_PROVIDED ENTRIES_
------------------------------------------------------------------------

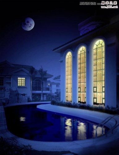 photoshop制作逼真建筑照片夜景效果实例教程
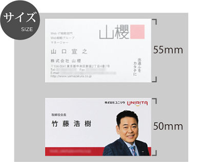 名刺サイズは一般的な91x55mmよりも若干小さい91x50mm。
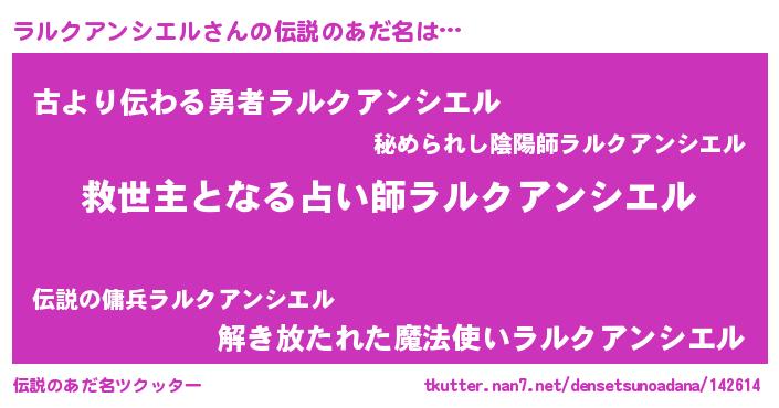 | 男性向けラノベタイトル風あだ名 | 『ノーゲーム・ノーラルクアンシエル』 |
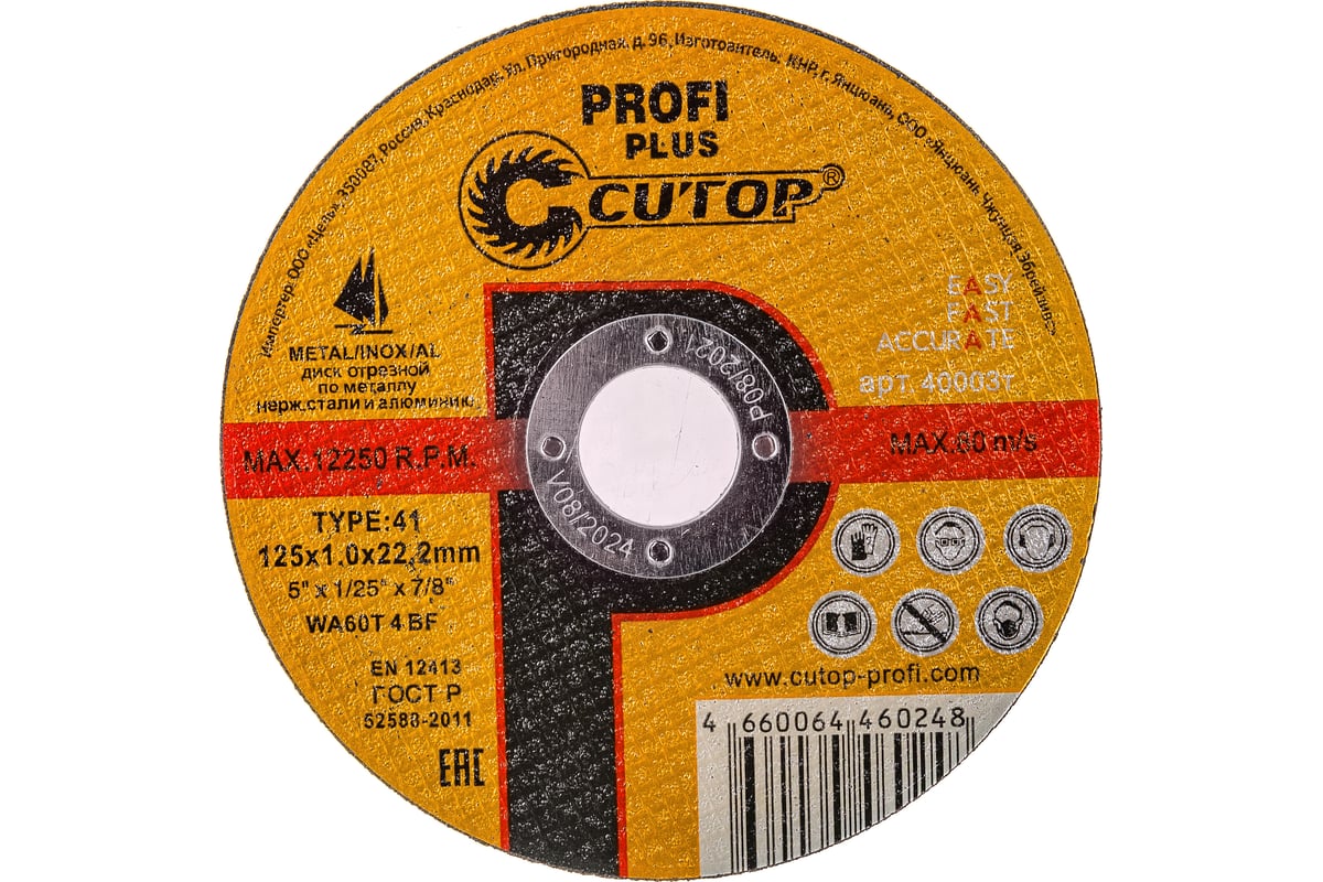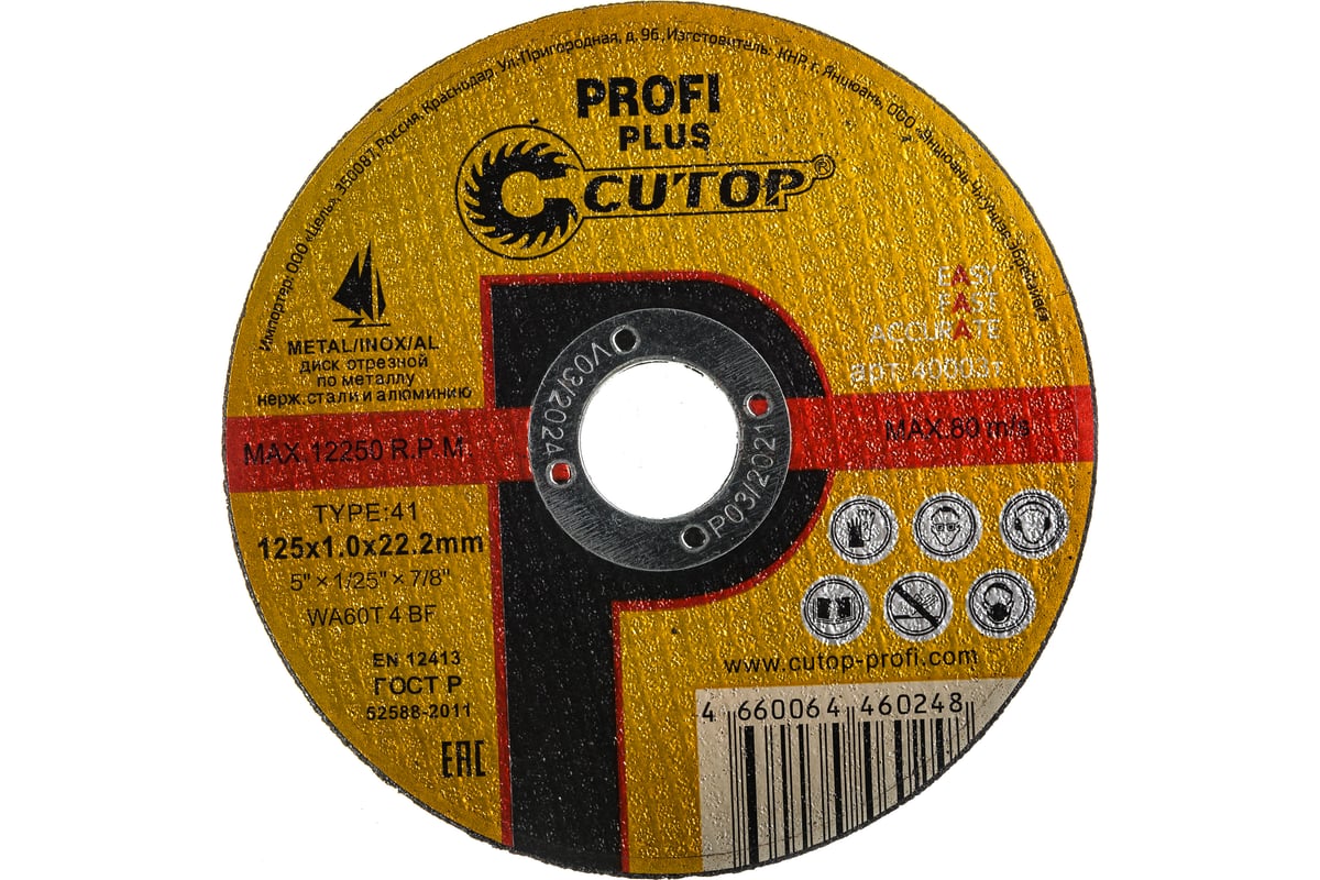 Диск отрезной по нержавеющей стали Profi Plus (125х1.0х22.2 мм) CUTOP 40003т
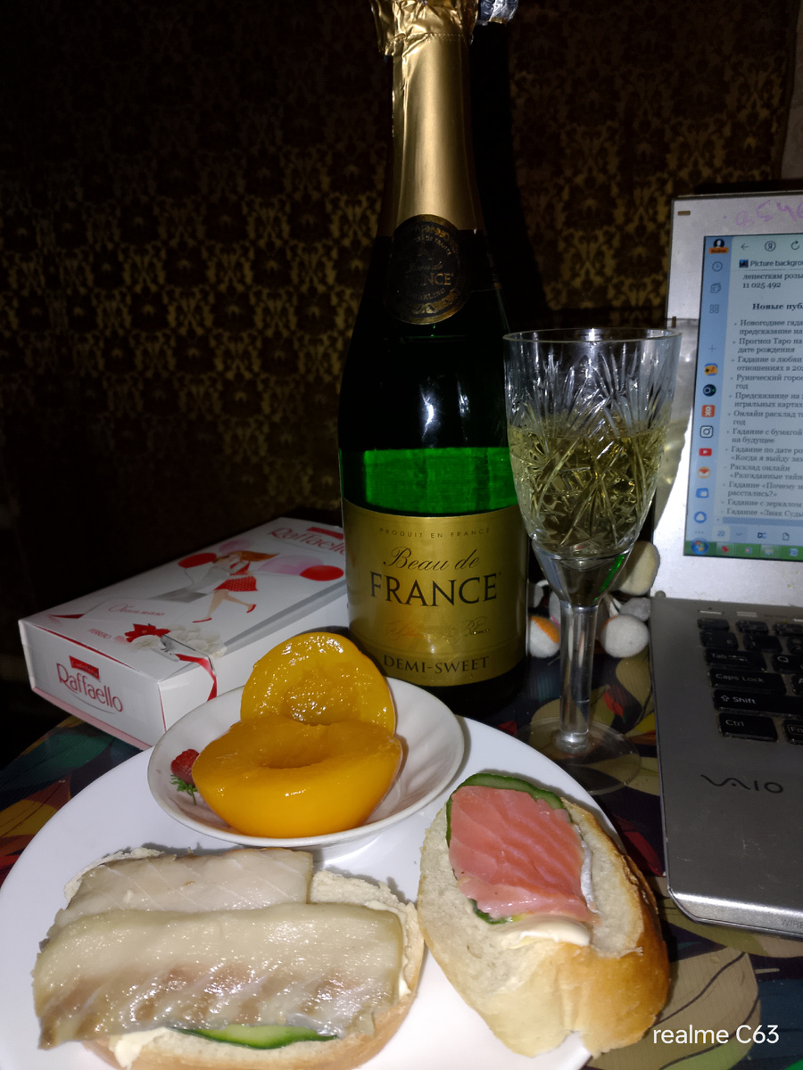 1 января я допила шампанское и заела бутерами. Получилось так, что мне показалось, не стоит перебарщивать с продуктами, и мясо оставила мариноваться ещё на сутки. Кстати, шампанское, то есть игристое вино, было вкуснее, чем в лучшие времена «Абрау-Дюрсо» и «Боско». Меня им сын угостил вместе со сладостями. Я не планировала выпивать всю бутылку и думала символически про бокал. Убрала на холод, а утром холодненькое было таким приятным, и вкус интересный, без чрезмерной сладимости и кислинки, газики мелкие, голова не болела. Мясо сутки в маринаде пролежало. Вместе с маринадом запихала в рукав и подкинула три целых яблока для аромата и мандаринку. Аромат стоял улётный. Маринад: 2 ч.л горчицы, 1ст.л мёда любого, (можно и сироп от варенья прозрачный), 1 ст.л майонеза и полстакана соевого соуса, черный перец и травы кавказские сушёные, 1 ч. л карри. Карри как и куркума очень подходят к светлому мясу и куре. Чеснок загнала в прорези в мясо. Из печеных яблок кашицу пюрешную взбила вилкой как

------------------------------------------------------------------------

_ABOUT THIS TASK_
Pictures excluded, repeat exactly the lines from the top of the material through the line with "Диск отрезной по", including both of those lines.

_EXERCISE ANSWER_
 photoshop制作逼真建筑照片夜景效果实例教程
 名刺サイズは一般的な91x55mmよりも若干小さい91x50mm。
 | 男性向けラノベタイトル風あだ名 | 『ノーゲーム・ノーラルクアンシエル』 |
 Диск отрезной по нержавеющей стали Profi Plus (125х1.0х22.2 мм) CUTOP 40003т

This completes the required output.